A WORLD expert has given an inquest his verdict on the treatment given at a York chiropractic clinic to a man who suffered a broken neck on the treatment table and later died.

Richard Brown, secretary-general of the World Federation of Chiropractic, said he had been asked by North Yorkshire Police to investigate John Lawler’s experiences at the Chiropractic 1st clinic in The Mount in August 2017 and provide an independent professional opinion.

The Press reported last year that a woman who was arrested on suspicion of manslaughter in connection with Mr Lawler’s death had been released without charge, following a police investigation.

Dr Brown was cross-examined for hours yesterday by Richard Copnall, counsel for Mr Lawler’s family, on issues including the appropriateness of chiropractor Dr Arleen Scholten’s treatment of the 80-year-old former bank manager after he went to her because of aches in his legs.

The inquest was told she used an ‘activator’, a small, hand-held instrument which delivered a gentle force to the spine, and a chiropractic ‘drop table’, a treatment table with sections that could drop away to assist with spinal manipulation.

Dr Brown said the use of the activator was ‘more gentle’ than manual manipulation with the hands, as it provided high velocity but not forceful thrusts.

It was used to maximise mobility and wellbeing and its use was appropriate and was often used in the case of patients such as Mr Lawler, who had had metal rods used on his lower spine because of a degenerative condition.

He also believed it was appropriate for Dr Scholten to commence treatment without ordering X-rays of the spine, saying chiropractors had once routinely X-rayed patients but this had been criticised and it had now become the exception.

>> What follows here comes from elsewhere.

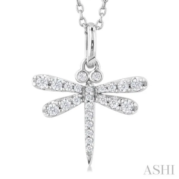 1/6 Ctw Petite Dragonfly Round Cut Diamond Fashion Pendant With Chain in 10K White Gold Adler's Diamonds Saint Louis, MO
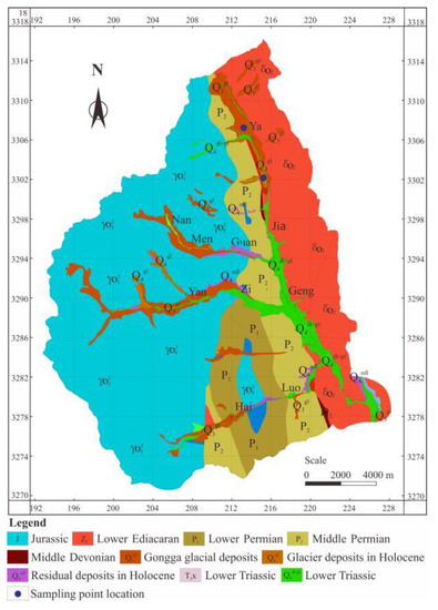 Geological disasters such as collapses, landslides and debris flows are widely developed in the basin, among which glacial debris flow is the most harmful type [5]. According to statistics, there are 51 large-scale (main ditch length > 4 km) debris flow ditches, while there are 17 glacial debris flow ditches. The glacier is active on the eastern slope of the Gongga mountain and part of the northern slope of the basin, with a glacier area of 145.34 km2 and 26 glaciers. The loose material reserves in the basin amount to 4.08 × 109 m3, of which the moraine reserves are 2.19 × 1010 m3. Sufficient water and sediments provide favorable conditions for the formation of debris flow. For this reason, it is typical and representative to choose the glacial till in this basin to carry out experimental research.

However, he said he would not personally have used the drop table with a patient whom he suspected of having osteoarthritis. He said he had never come across a case of someone suffering the injury experienced by Mr Lawler.

The inquest heard Mr Lawler had been suffering from ‘ossified longitudinal ligament’ adjacent to his neck, which fractured during treatment, leading to a disc rupture and spinal cord injury. The inquest continues today.